- The famous photo of Dwyer on March 25, 2003
- Born: September 28, 1976 Manhasset, New York, U.S.
- Died: June 28, 2008 (aged 31) Pinehurst, North Carolina, U.S.
- Allegiance: United States of America
- Branch: United States Army
- Rank: Specialist
- Unit: 3rd Squadron, 7th Cavalry Regiment, 3rd Infantry Division
- Conflicts: Iraq War

= Joseph Patrick Dwyer =

American soldier (1976–2008)

Joseph Patrick Dwyer (September 28, 1976 – June 28, 2008) was an American soldier, who became famous for a photograph of him helping an ailing Iraqi boy. Dwyer had enlisted in the United States Army after 9/11 and went on to serve as a combat medic in the 3rd Infantry Division. The photograph, taken by Army Times photographer Warren Zinn, was taken five days into the Iraq War and was highly publicized at the time as "hopeful" and "inspirational".
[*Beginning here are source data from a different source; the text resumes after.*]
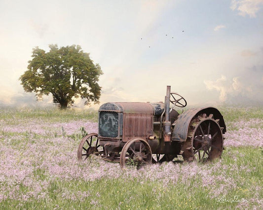 Tractor at Sunset White Modern Wood Framed Art Print with Double Matting by Deiter, Lori
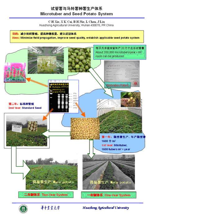 建设试管种薯生产车间5000㎡,相关配套建筑2000㎡,微型种薯繁育示范基地5个,分别在恩施、长阳、随州、省农业技术展示中心等地共建设500亩温室大棚,建成后能解决鄂西30万亩田间种薯基地的原原种供应。采取边建设边投产的方式,试管种薯生产车间于2008年11月开始建设,2009年年底建成投产;2009年元月完成微型种薯良繁基地200亩的建设,实现年产微型种薯1.2亿粒,2011年9月完成微型种薯良繁基地500亩的建设、实现年产微型种薯5—10亿粒。
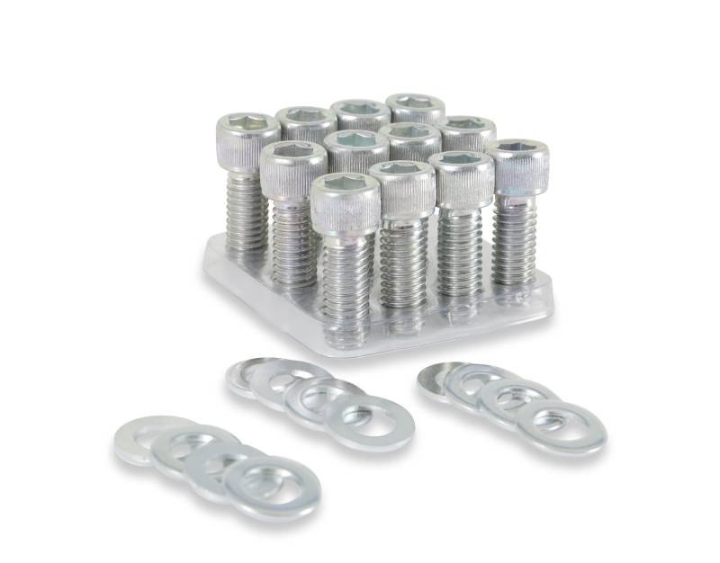 These grade 5 hex head bolts are brite zinc plated for protection and appearance. Hardened flat washers provide uniform torque & prevent galling on aluminum manifolds. Includes twelve (12) 3/8 inch-16 x 1 inch bolts & washers
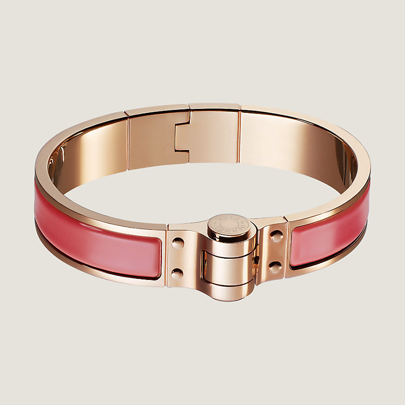 Narrow hinged bracelet in plain enamel with rose gold plated hardware
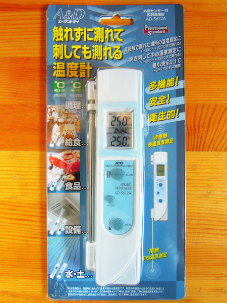 心地よい季節ではあまり気にもしませんが、真冬や真夏は寒気や熱気を部分的に感じる事があります。この場所を特定し対策する事により、より一層の省エネに繋げられると考えています。普通の室内温度計では計測までに時間がかかりますので、数多くの場所を探すのに時間が掛りそうです。そこで離れた場所を瞬時に測定出来る温度計がありましたので、ご紹介いたします。 便利な使い方 トップへ 各所温度計測機器の便利なとことは、冬では部屋の各部の温度測定ですきま風の位置がわかったり、部屋の温度分布でエネルギーを効率よく使えたりします。また、意外に良かったのは缶飲料の湯煎の温めで、直接口に当たる物なので60℃くらいと言われています。この機器を向けてボタンを押すだけで計測できます。 本体と操作ボタン トップへ 本体の左側には、内部温度測定センサーがあり、下の写真のように反対側に伸ばして使います。非接触表面温度計測では、本体上にある計測部を計測対象箇所にあてて計ります。 料理にも使える中心温度測定と、非接触表面温度測定 トップへ
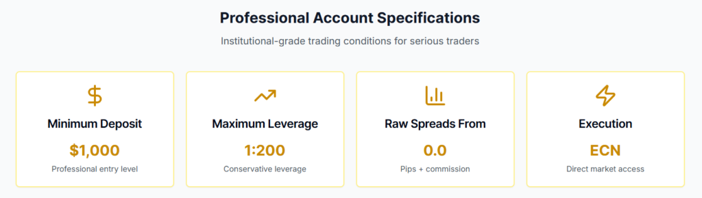 - Raw ECN Spreads: The Professional account offers real 0.0-pip spreads, which are key for profitable scalping.
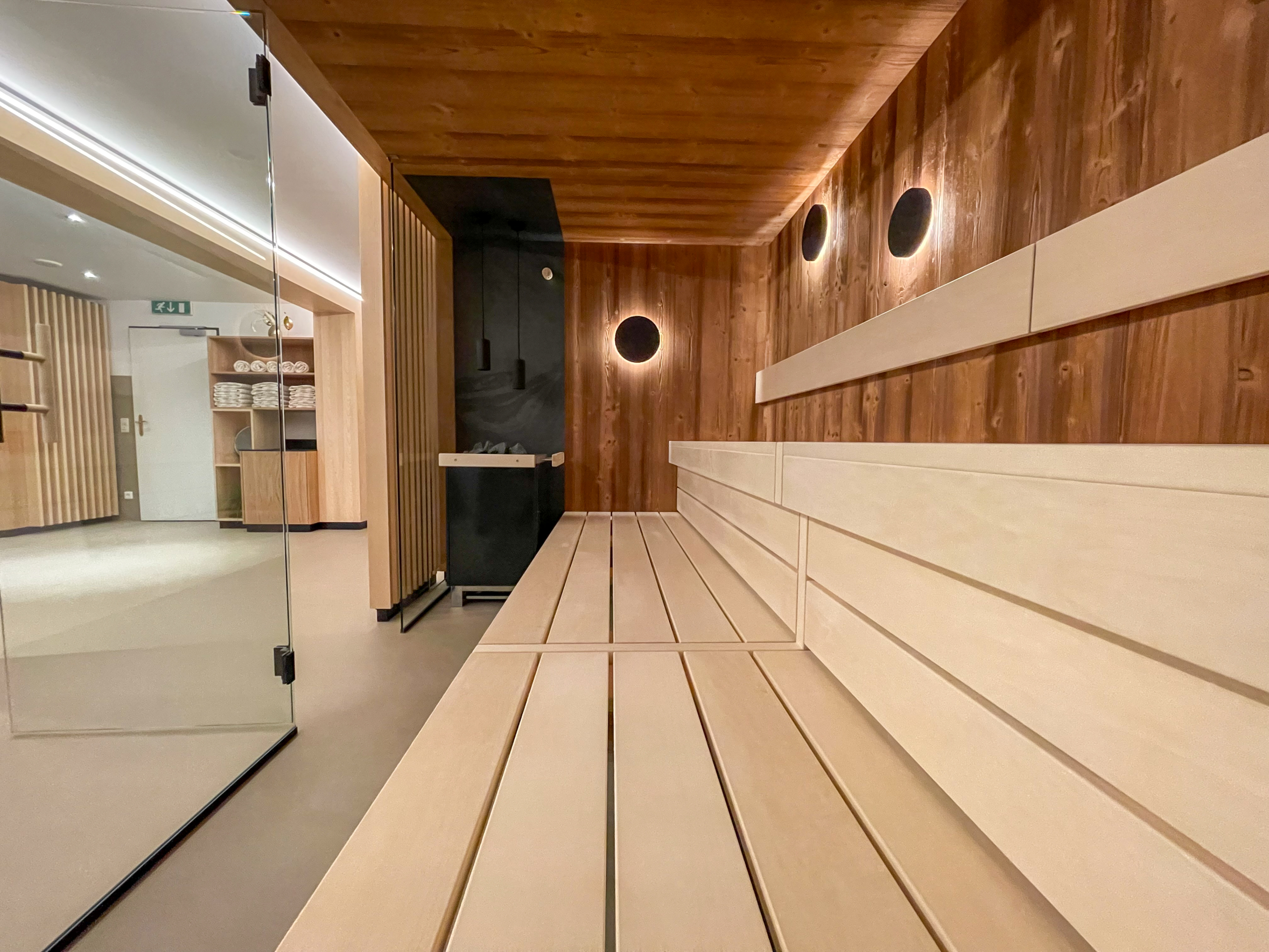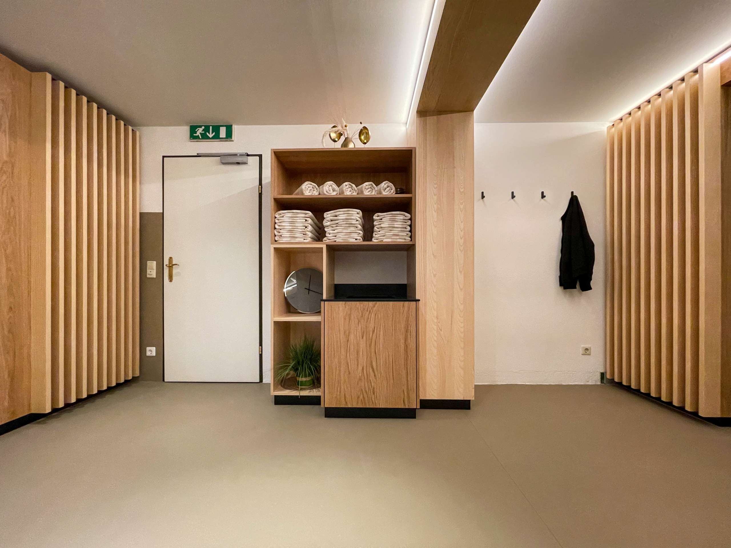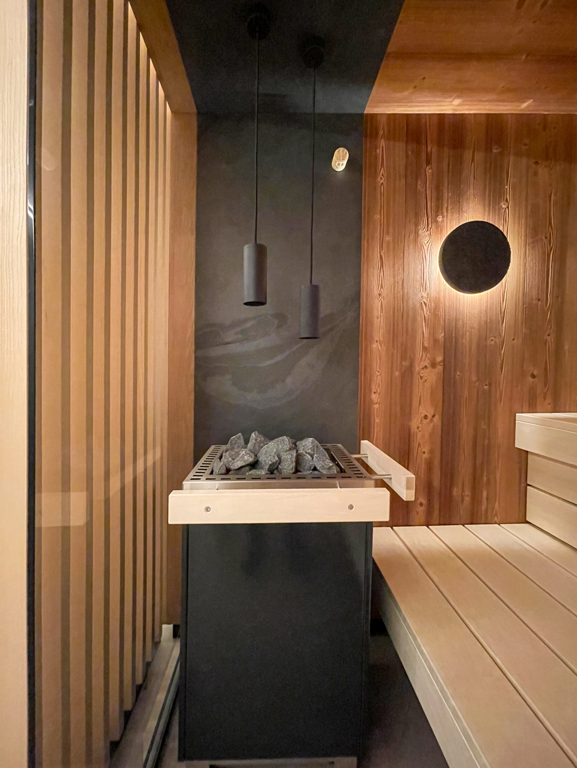 - Decke: Thermo-Fichte, Steinfeld, Hängeleuchten
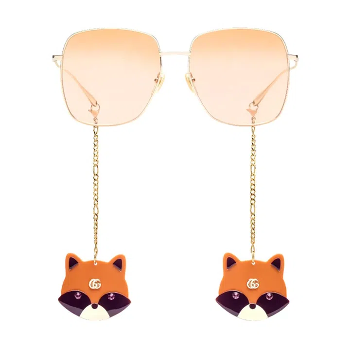首先推荐这款来自Gucci的超可爱墨镜!在黄金色镜框末端垂吊着两只带有"GG"标志的浣熊链式吊坠,俏皮感十足!不必担心墨镜过重,带着不舒服,这链式吊坠是可拆卸式的,而墨镜设计也是超轻盈款式。

Dwyer died on June 28, 2008. On that day, Dwyer, 31, called a taxi to take him to a hospital near his home in Pinehurst, North Carolina, after earlier taking prescription pills and inhaling fumes from a computer cleaner aerosol. When the driver arrived, Dwyer said that he was too weak to open the door. Police had to kick it down and found that he had collapsed. Within minutes, he had died. He suffered from post-traumatic stress disorder.

A statue of Dwyer in Rocky Point, New York was dedicated on June 28, 2021.